Note: Don’t like reading? The Podcast audio is at the end of the story.🫡
I like your spikes. I particularly like how you installed them on top of your walls that cannot be scaled. What’s that? Oh, you’re still waiting on the cauldrons of burning oil to round out the look. Neat! (Though personally, I’d be worried about the stench.) Your benches are cool too—like super-futuristic with a modernist slant. Sorry, what’s that? NOT a modernist slant. Oh, I beg your pardon. The slant is to stop people laying down and getting too comfortable around you. Gotcha. Must be that new “Fortress Aesthetic” I’ve heard so much about.
Hot take: we are victims of our hostile architectures. The defenses we construct to protect our fragile egos from feedback’s foot soldiers don’t do us any favors. They block the true expansion of our potential. It’s no good having a creative heart if it’s locked forever at the top of a castle, behind walls with impenetrable gates and a bollard forest at the door. It might be a happy heart, but it ain’t ever gonna discover its capacity for true growth.
Your creative estate—the square footage of your ideas and executions—is sacred ground. I get it. But if you want to push the boundaries of this estate outwards over the course of a creative lifetime, you’ve got to let the appraisers in occasionally. Yes, they’ll be total hooligans. They’re going to skate all over your pretty promenade, grinding their boards on your benches while ignoring all your “No skating” signs, and your CCTV won’t be able to do one thing about it.
“But I had a moat!” you’ll cry. Yes, I know. You showed me the piranhas and I asked if they were more effective than crocodiles, remember?
Listen, and I’ll say this to anyone who’s about to sit down to a creative review of their concepts, design, copy, or whatever.1 Listen. Feedback is not always criticism. It doesn’t always need to be defended against. What it does need to be is absorbed and processed. Listen. Feedback is a direct assault on ego.

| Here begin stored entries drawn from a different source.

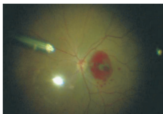
Figure 1 In group B, autologous blood was dripped after ILM transplantation.

Vision There were 16 cases in group A with higher BCVA than preoperative, and the improvement rate was 84.2%. In group B, 16 cases were improved, the improvement rate was 88.9%. BCVA was significantly improved compared with
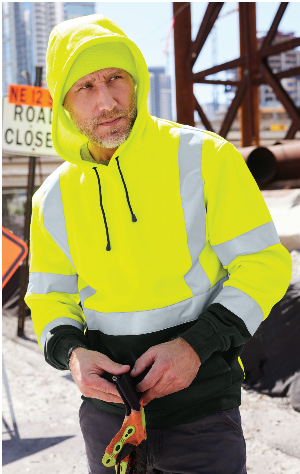
CORNERSTONE® ANSI 107 Class 3 Heavy-Duty Fleece Pullover Hoodie CSF301 | Adult Sizes: M—5XL | 2 Colors
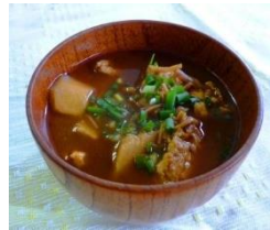
Haccho Miso (Soybean paste)
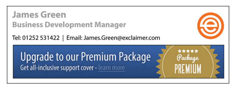
FIGURE 6-3: Example of promotion in a banner.

Figure 6–3 shows how the banner can propose a product or package cross–sell without forcing the sales agent to work it into a conversation.
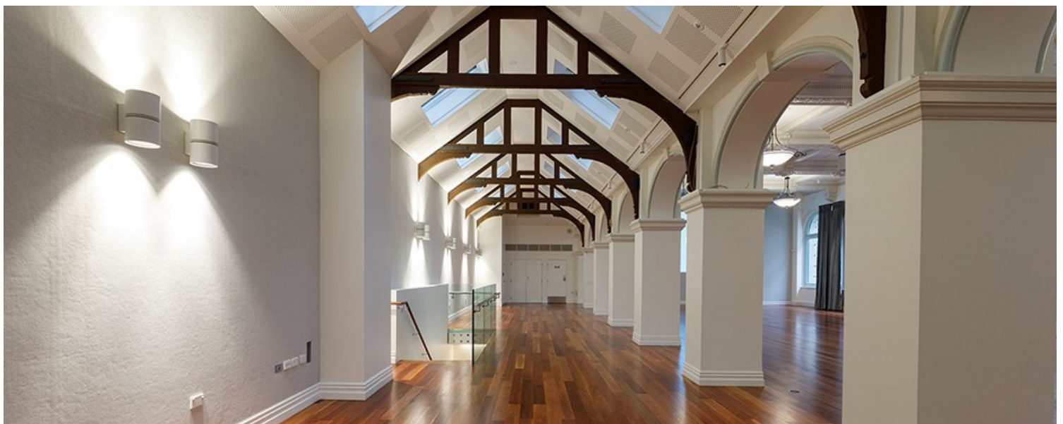
PUBLIC TRUST, WELLINGTON
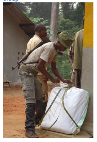
Figure 12 ICCN ecoguard at Lokofa
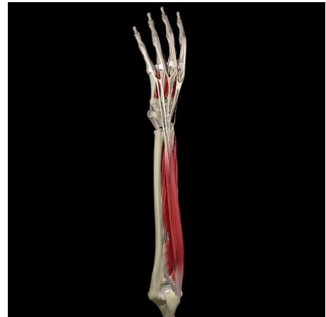
Interactive Hand 2000

The hand is a very complicated area and as such there are a very large number of muscles that are associated with the hand and wrist. The majority of these muscles, especially the stronger muscles, actually run all the way from the hand, up the forearm and attach at the elbow. You can easily test this yourself by squeezing your forearm and firmly opening and closing your hand. You will feel the muscles in the forearm contract and relax as you open and close the hand. It is important to realize that even though it is a small area, there are many different muscles that attach at the elbow and travel down to the hand. These muscles are arranged in layers, and each muscle within each layer has a different job, or function. For example some of the muscles in the most superficial layer that is the layer right under the skin, travel down and attach to the wrist. When they contract they act to flex and extend the wrist. Some of the muscles in the middle and deeper layers attach all the way into the fingers and when they contract they move the fingers, such as when making a fist or picking up objects. These deeper muscles that move the fingers have many separate tendons that go to each individual finger. This makes it possible to move one finger by itself, and enables us to carry out tasks requiring fine motor skills such as typing, buttoning a shirt, or playing the guitar.
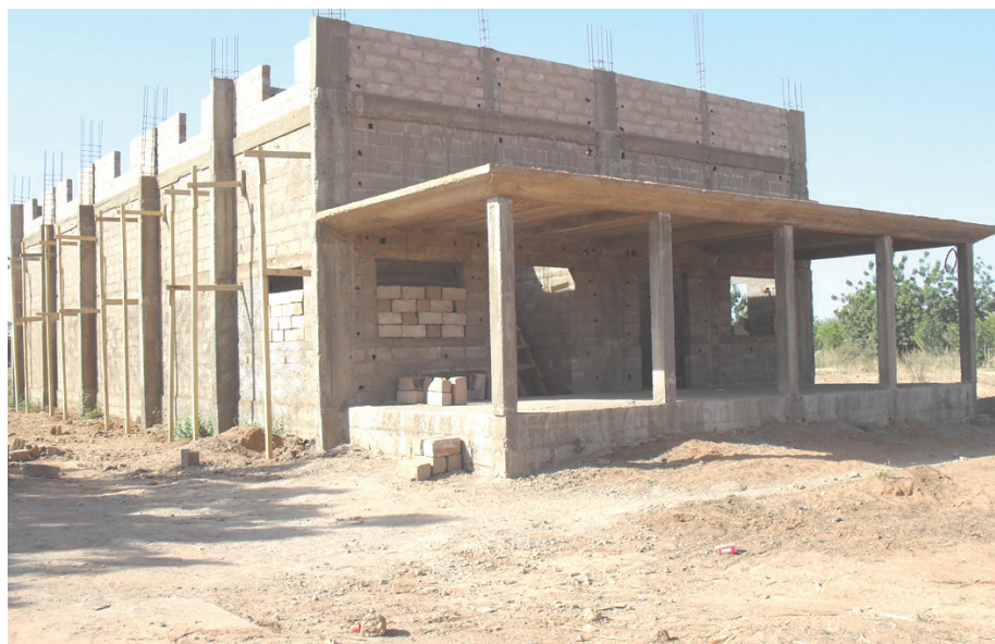
Shop for agricultural producers in Kongoussi, which is currently under construction. The building comprises a shop for growers to sell their produce, a second shop where growers can purchase seed treatment products and small farm equipment, and a meeting room for use by the FUMCOM-Bam management committee and members.

"Our advocacy on rice production touched thousands of people and put pressure on
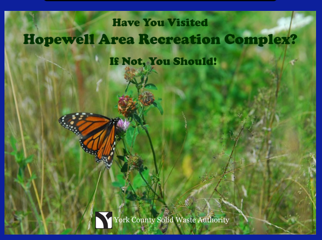
Have You Ever Visited the Hopewell Area Recreation Complex (HARC)?

HARC is especially beautiful this time of year. This closed landfill has been transformed into a recreation complex that includes playgrounds, ball fields, walking trails and picnic areas. We have wildlife viewing platforms for visitors to spot the many species of birds that inhabit the area. Do yourself a favor and take advantage of all that the HARC has to offer.
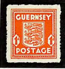
2 cv NH EXPT.
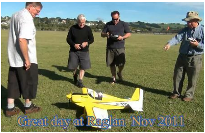
Big boys and their TOYs.

Access to mixture adjustments is apparently tricky and can only be done on the ground with motors stopped. Then repeat test flights to see if the results are better, worse, or about the same. A very frustrating exercise.
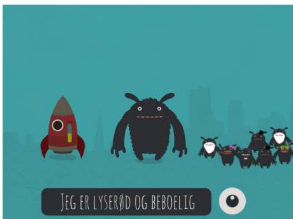
Figure 3. Riddle-based navigation showing the monster character with points in the form of fuels and friends.

the monster has eaten. The monster gives the player feedback and integrates the narrative throughout the game.
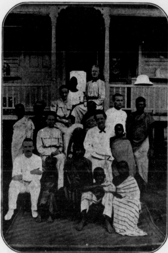
THE M. B. C. MISSION FAMILY, SHONGA.
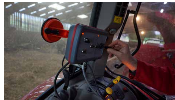
The 4-stage swivel chute is operated by the intuitive controlbox joystick.

On top of the control terminal located inside the tractor cab, the Kverneland bale choppers are equipped with an additional remote controlled switch for the floor chain and tailgate (optional for 852 and 856 Pro).
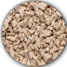
Eggshell #056 [Ivory #1015]
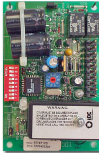
no Reset Switch
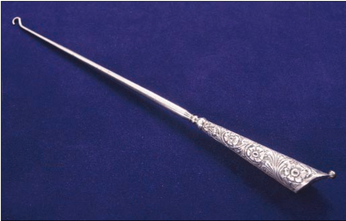
1885, National Museum of American History, Behring Center.

Hint: the woman in Dakota Dugout lists it among the things she took with her to Matt’s cave in the earth.
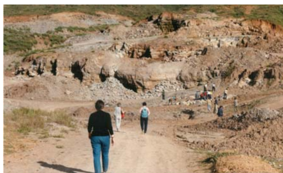
Text-fig. 2. 5 th symposium: Middle Devonian locality with rich osteolepid fauna, cement quarry near Shuinichang, Yunnan, China
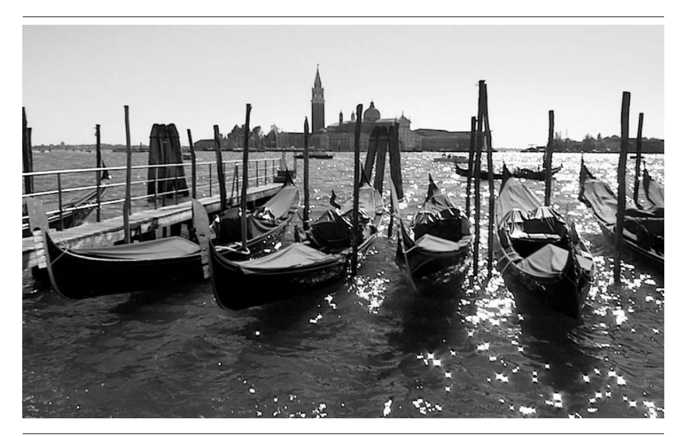
San Giorgio Maggiore - Venice, Italy
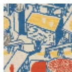
L5062_PETIT_A TELIER_B21_B9 2_B32_B71_FE
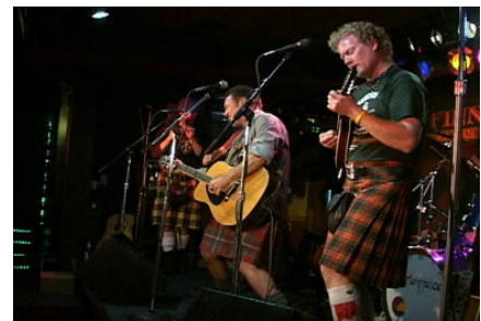
Barleyjuice, the shamRock band from Philadelphia, will play two concerts at the Carroll Arts Center on March 13 th
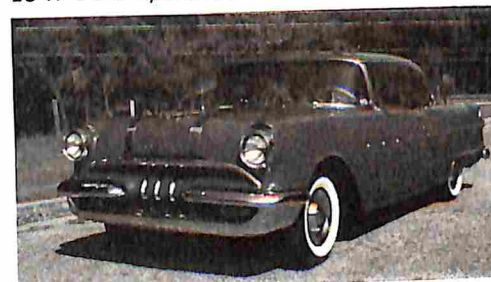
1955 Pontiac Star Chief ... 48
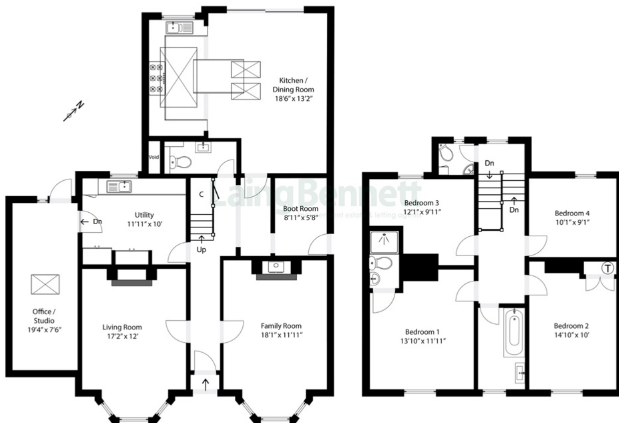
Illustration for identification purposes only. Measurements are approximate. Dimensions given are between the widest points. Not to scale. Outbuildings are not shown in actual location.

Approximate Gross Internal Area (Including Low Ceiling) = 185 sq m / 1993 sq ft
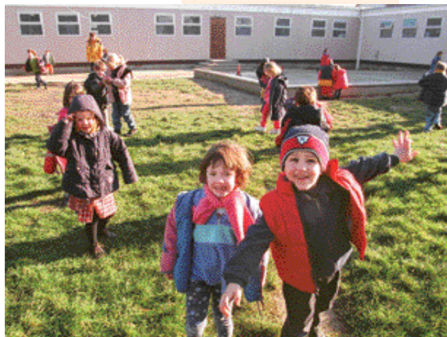
Children playing during break at Monkstown Educate Together National School

Post Polio Support Group submission, Report of the Commission on the Status of People with Disabilities (1996)
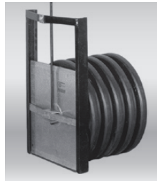
C8E HDPE Mounting
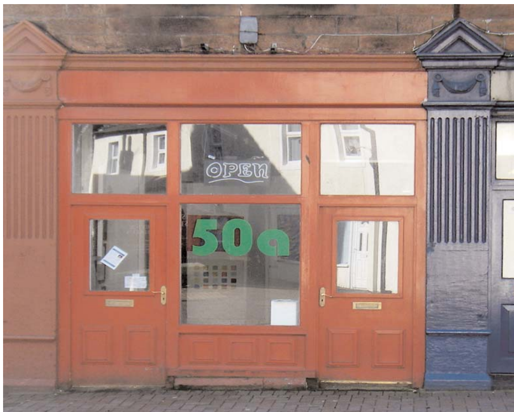
50a Gallery.

Creative Egremont, a partnership between Grizedale Arts and Egremont and Area Regeneration, delivers a diverse programme of arts and culture as part of the town's regeneration process.
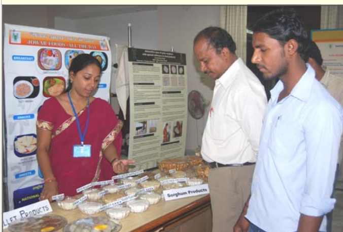
Visitors show keen interest in sorghum based products set-up by DSR
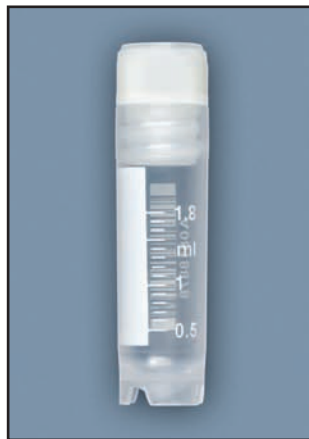
Item# 3002 (shown actual size)
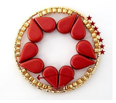
19) Repeat steps part 1 but with 7 DB
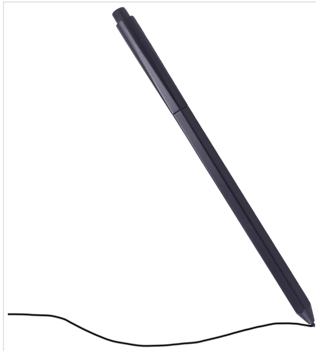
Figure 2: The Dakexiong Stylus Pen, black in color, shown at an angle as if writing on a surface.

The Dakexiong Stylus Pen is a sleek, black digital pen designed for comfortable and efficient use. It features a fine tip for precise input and an integrated eraser function for quick corrections.
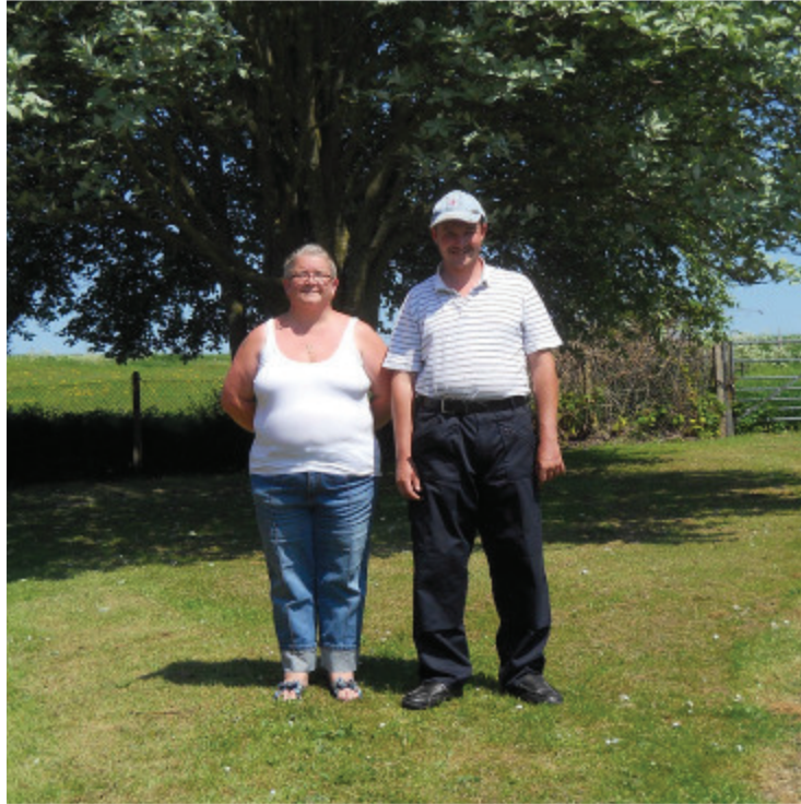
Paddock Close & Water Lane (West)
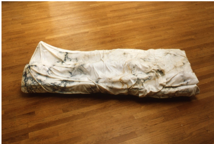
Fig. 15: Luciano Fabro, The Deceased , marble, 1968–1973

However, whereas Sanmartino's delicately carved gisant conveys a vivid image of Christ's suffering and death through a seemingly translucent, agitated surface that both reveals and hides the martyred body, Cattelan's All is opaque, cold, and hard. It resists delivering a legible image of the individual bodies beneath their sheets. Rather than being laid out in state, some of these bodies seem to have been covered as they fell; others appear to be mangled or to have missing parts.
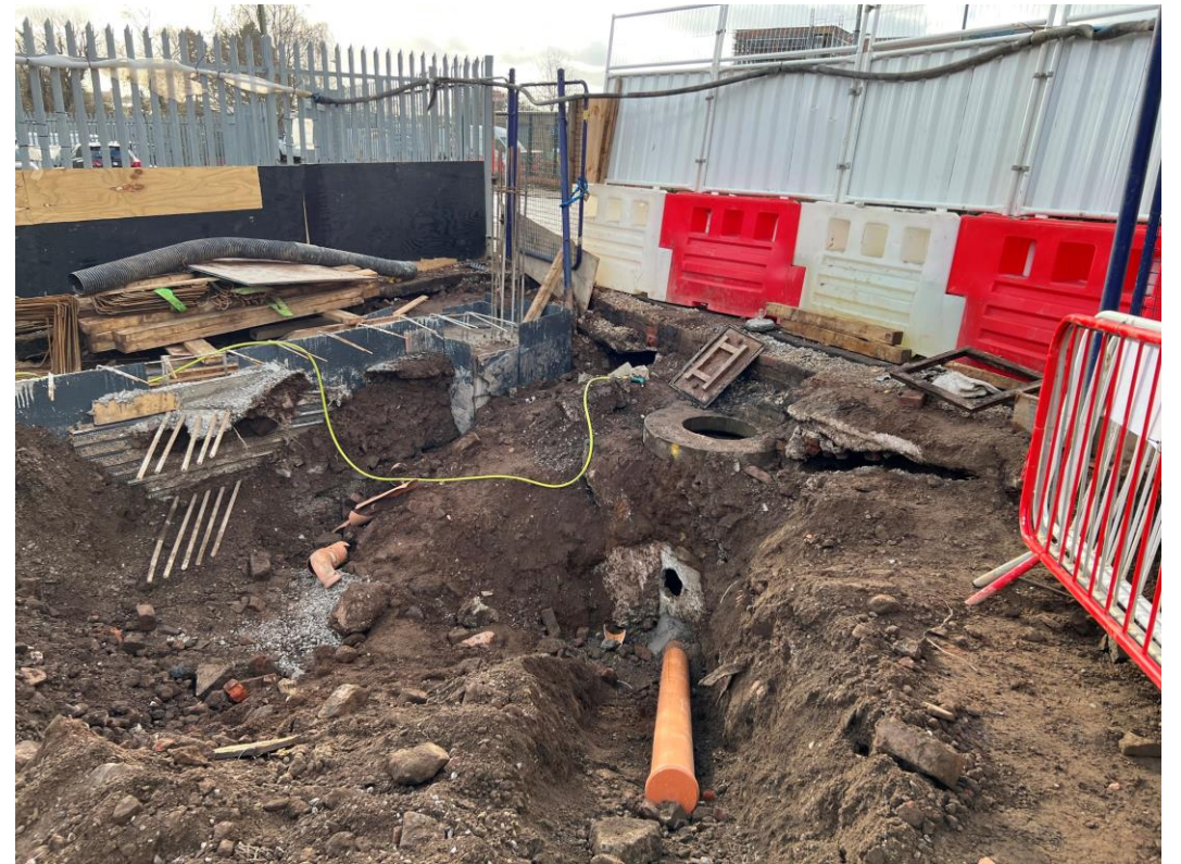
Block A - Drainage

It can be uncomfortable and rage-inducing and hurt like a mofo as you sit in that review, blood rushing to your face with the tsunami of disappointment drowning your confidence. “Someone doesn’t like this thing I made? How is this even bloody possible?!” Listen.
I mean LITERALLY listen to the feedback you are receiving from whomever is your creative guide in the room. Separate yourself from your pride for just a moment. What are they actually saying? This feedback giver—do you trust them? Should you trust them? Do they have more experience? Are they the keeper of the vision? Do they know more than you? What’s their gut like? Do you disagree with their opinion?
Sidebar: Even if you know you won’t win, you should fight for your work2. The act of defending by using passionate argument rather than stone walls helps you learn to talk through your own creative process. It shows those who have your career in their hands that you know how to think and have considered the brief. That said, you must also recognize the “Yield Moment” when you’ve just gotta take that feedback lance straight to the body, apply a bandage, take some good ol’ antibiotics, and get back to work.
But listen. You can agree or disagree, but you cannot formulate your reaction until you fully absorb the wicked kick-flip they just did off your architecture. And that’s how to process feedback.
A word on the shitheels who skate on your surfaces and scuff your architecture for no good reason other than they can. There’s a saying and it goes something like this: “Don’t accept criticism from someone you wouldn’t take advice from.” I’m not saying don’t accept their feedback—you’re being paid to—but don’t take on that emotional baggage that comes with it. There’s no shortage of fail-up-erer’s in the creative space and you’ll come across people you have to listen to who you won’t respect. You know, those seagulls who come into the room, shit on everything, and leave having contributed no solutions or usable direction.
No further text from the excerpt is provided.